Can The Onion's TV show compete with Jon Stewart?

The parody newspaper has a new show that skewers cable's talking heads. Will it alter the fake-news landscape?

Onion News Network host "Brooke Alvarez" recounts the story of a white teenage girl who will be tried for murder as an "adult black man."
(Image credit: YouTube)

The world of fake television news got more crowded last week with the debut of "The Onion News Network" on IFC. Parodying the cable-news format, the show's anchors deliver absurd headlines like "Judge rules white girl will be tried as adult black male" with straight (if perky) faces as a continuous stream of one-liners ("Arianna Huffington sweeps annual Arianna Huffington awards") scrolls across the bottom of the screen. The Onion has skewered American culture in newspaper and online form for years, but can it find a foothold in a medium that's already dominated by fake-news purveyors Jon Stewart and Steven Colbert? (Watch an "Onion News Network" clip)

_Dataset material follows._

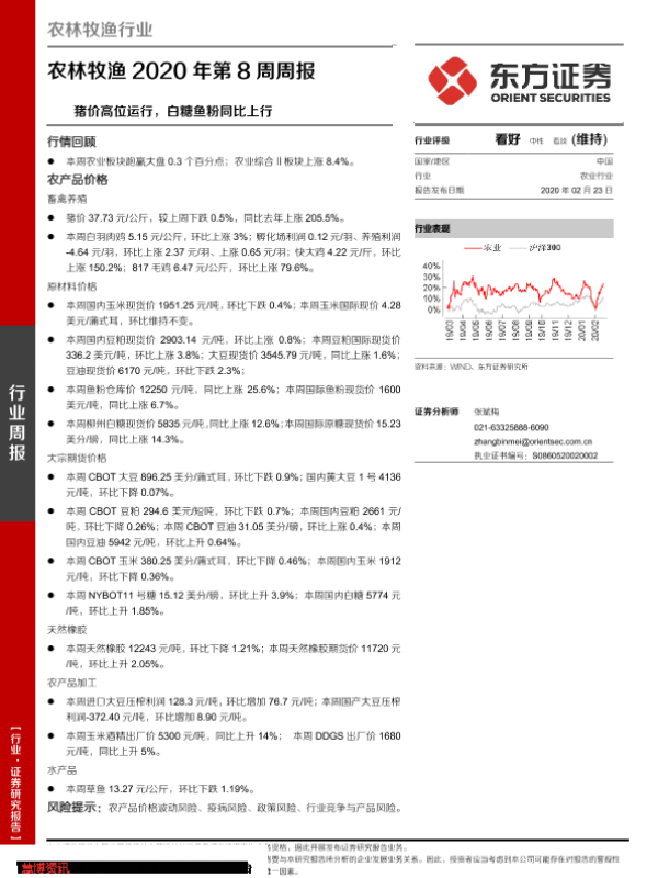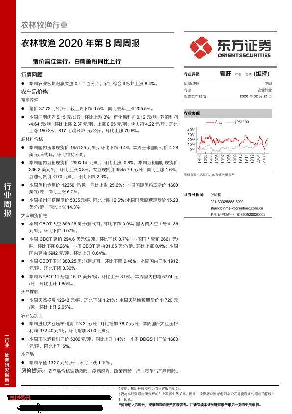 【东方证券】【20200223】农林牧渔2020年第8周周报:猪价高位运行,白糖鱼粉同比上行-17页

It lacks strong characters: The "Onion News Network" is "intermittently laugh-out-loud funny," says Jesse Hicks at Pop Matters. But it suffers in comparison to its fake news-competition, because "where 'The Daily Show' and 'The Colbert Report' cohere around the strong personalities of their stars," The Onion's show chooses "fidelity to concepts over compelling characters." And while the graphics are precisely satirical, "the rapid-fire, information-dense production makes 'ONN' feel like a show without a center."